■ **WORK REQUIRED**: Begin at the line below that holds "席は3階まであり、一階は両方" and end at the line that holds "Ставмаш КР2 100-600", transcribing each line exactly and skipping any picture.

■ **MATERIAL TO PROCESS**:

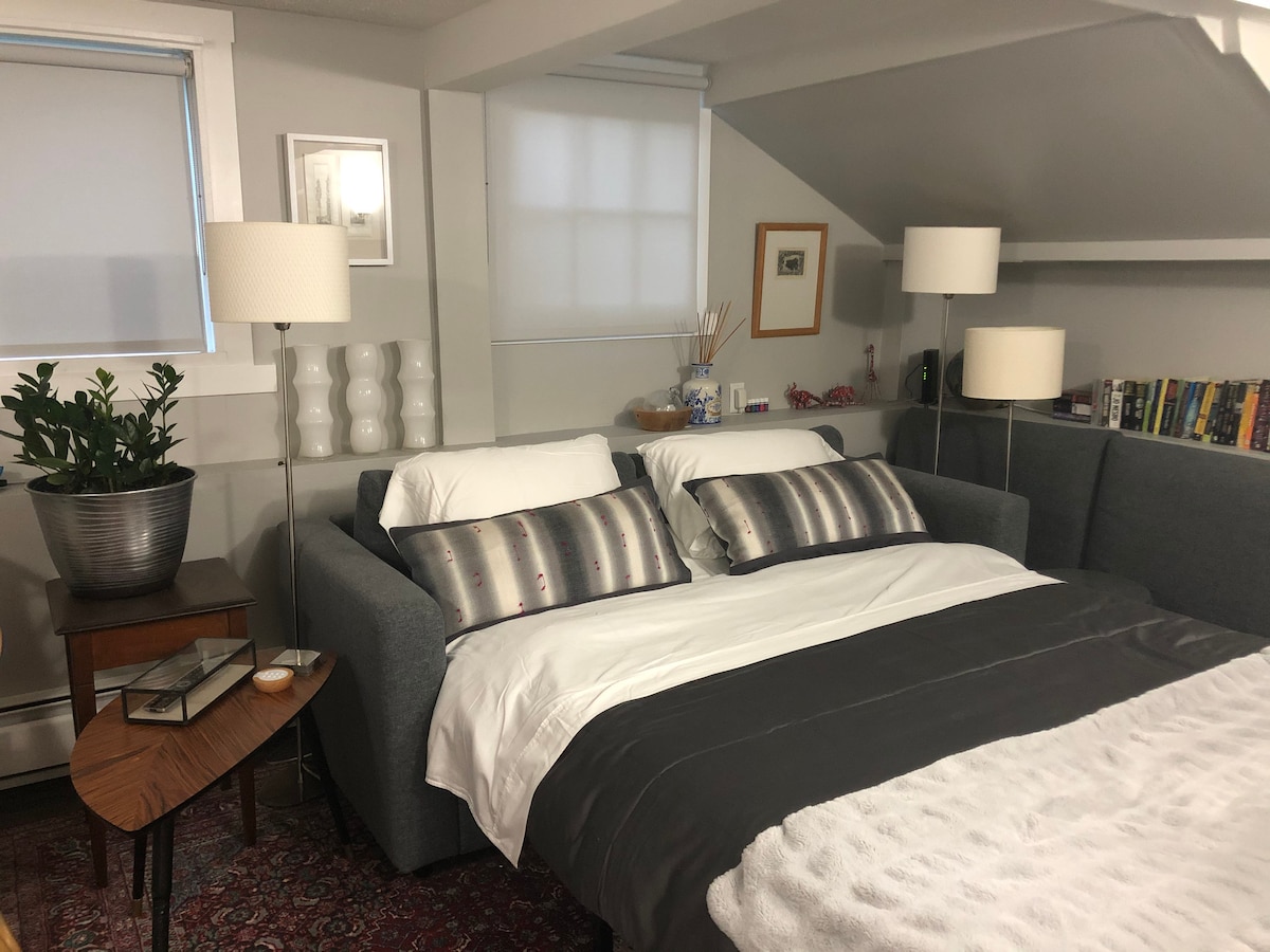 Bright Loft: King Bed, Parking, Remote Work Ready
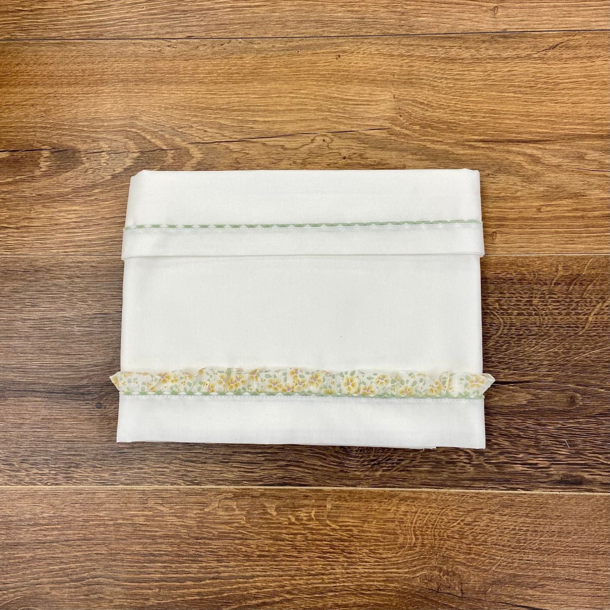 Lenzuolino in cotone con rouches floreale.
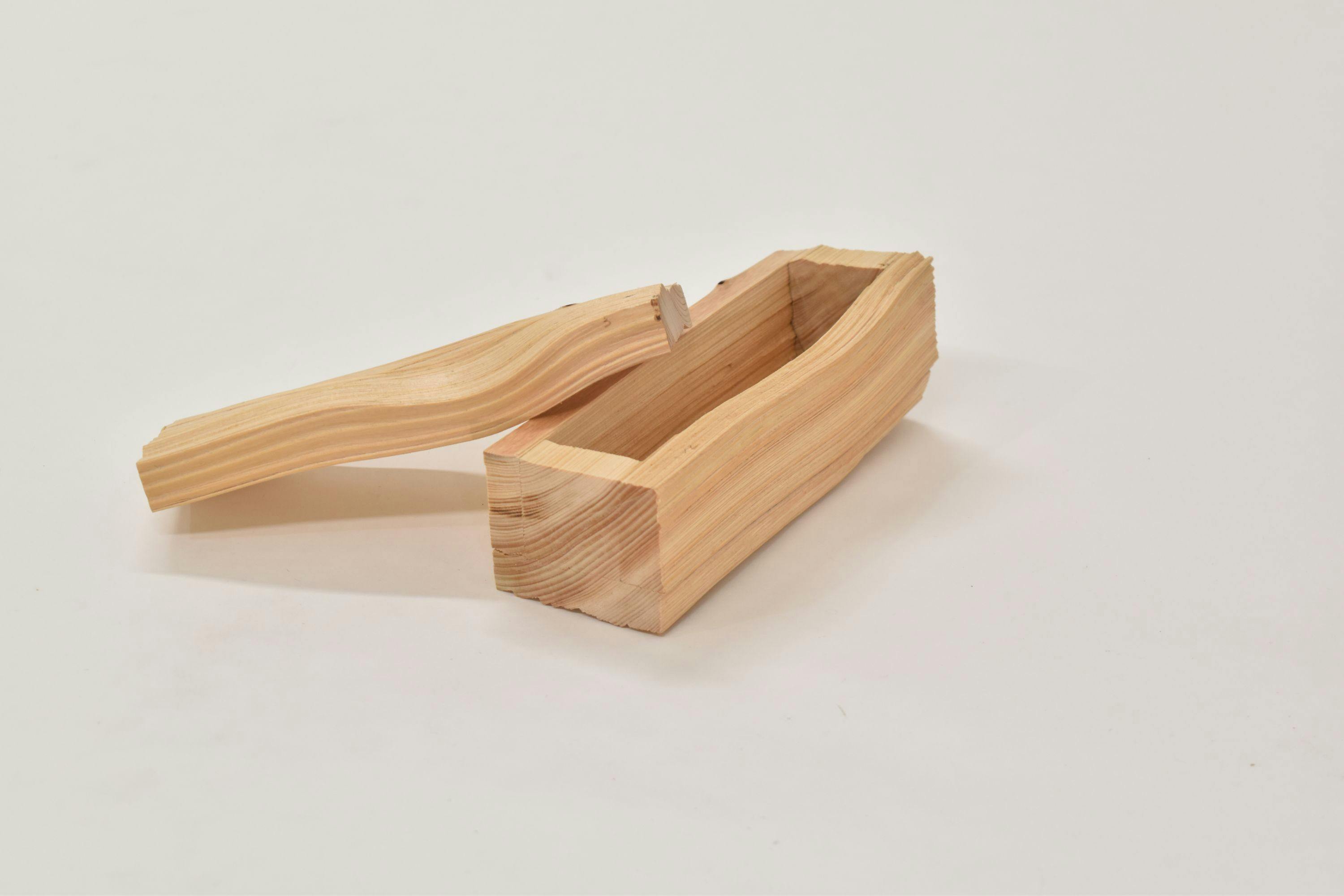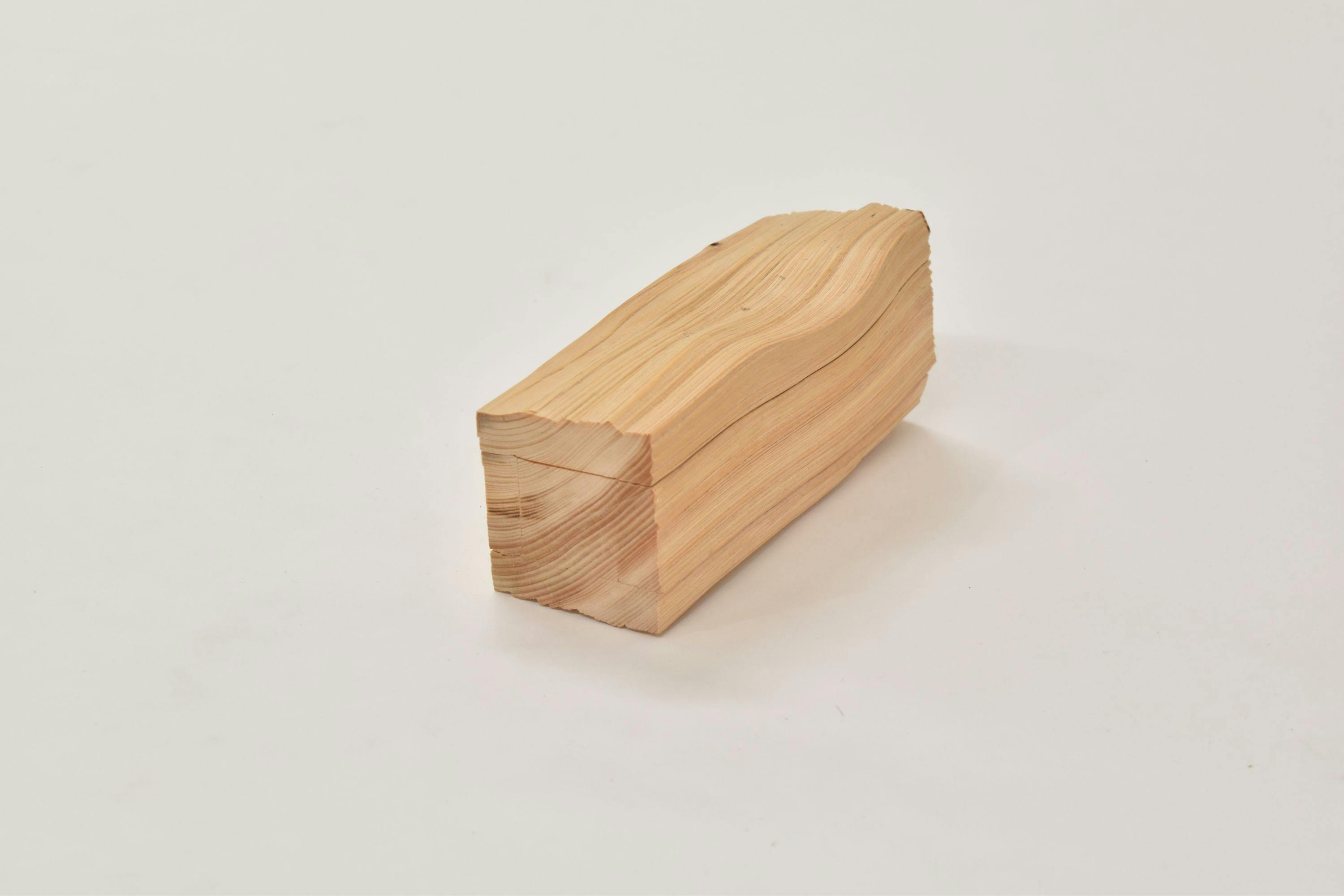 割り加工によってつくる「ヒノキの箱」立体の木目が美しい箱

==

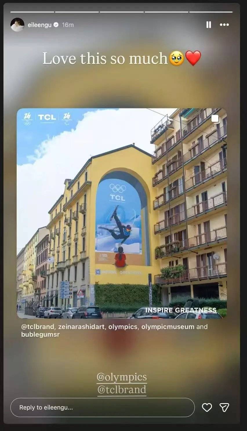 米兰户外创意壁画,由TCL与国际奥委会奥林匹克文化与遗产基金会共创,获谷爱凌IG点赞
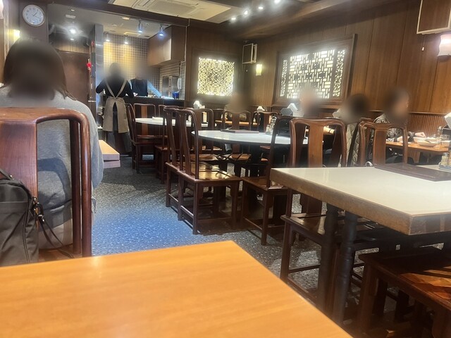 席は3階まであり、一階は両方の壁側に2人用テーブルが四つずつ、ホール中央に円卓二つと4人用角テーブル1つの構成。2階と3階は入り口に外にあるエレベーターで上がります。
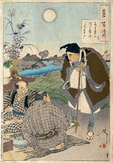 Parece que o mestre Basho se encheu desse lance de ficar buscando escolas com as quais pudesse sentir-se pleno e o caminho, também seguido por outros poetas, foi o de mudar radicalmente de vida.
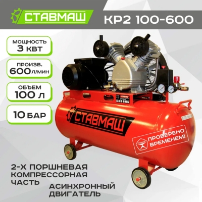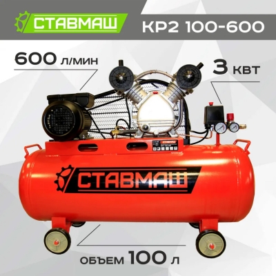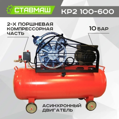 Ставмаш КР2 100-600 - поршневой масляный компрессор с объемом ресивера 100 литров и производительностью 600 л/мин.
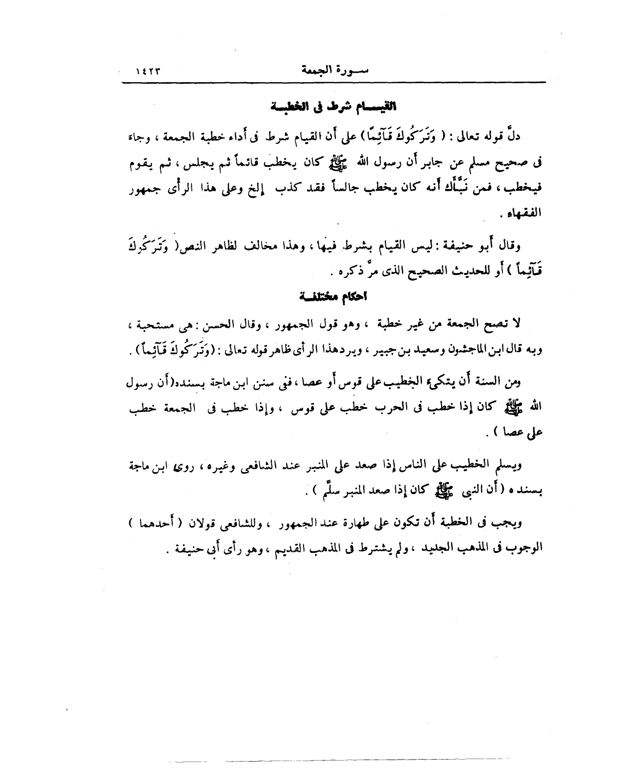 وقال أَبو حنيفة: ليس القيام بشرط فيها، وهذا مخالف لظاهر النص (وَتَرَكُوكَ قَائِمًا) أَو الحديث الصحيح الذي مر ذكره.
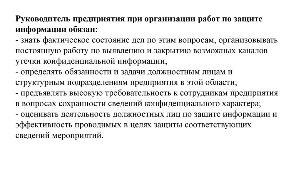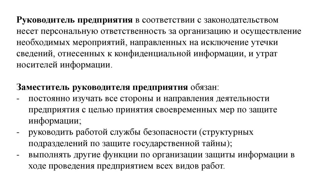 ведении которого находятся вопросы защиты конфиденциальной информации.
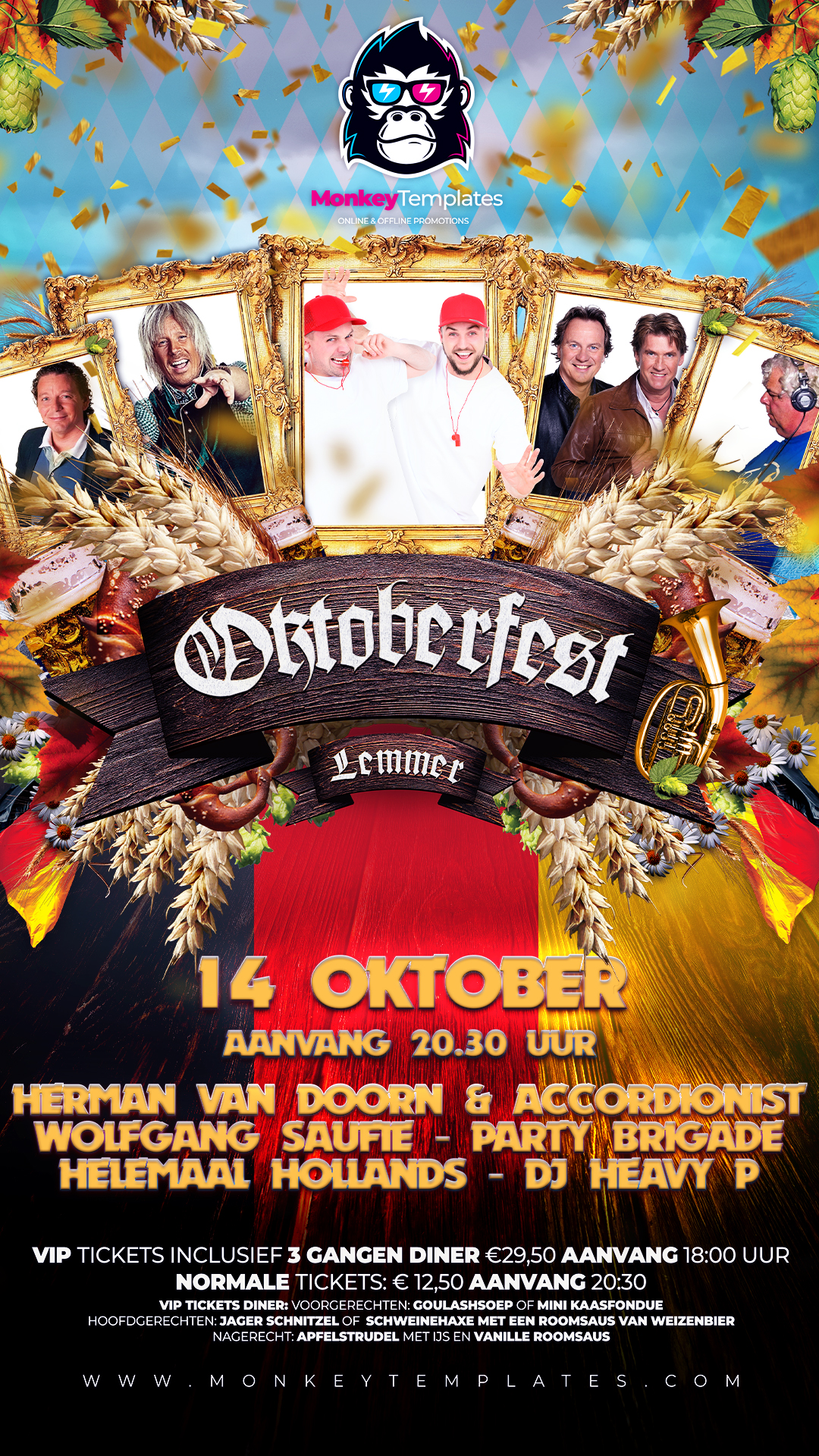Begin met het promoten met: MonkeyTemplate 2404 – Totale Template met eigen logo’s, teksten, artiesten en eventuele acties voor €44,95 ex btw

■ **ANSWER AREA**:
 席は3階まであり、一階は両方の壁側に2人用テーブルが四つずつ、ホール中央に円卓二つと4人用角テーブル1つの構成。2階と3階は入り口に外にあるエレベーターで上がります。
 Parece que o mestre Basho se encheu desse lance de ficar buscando escolas com as quais pudesse sentir-se pleno e o caminho, também seguido por outros poetas, foi o de mudar radicalmente de vida.
 Ставмаш КР2 100-600 - поршневой масляный компрессор с объемом ресивера 100 литров и производительностью 600 л/мин.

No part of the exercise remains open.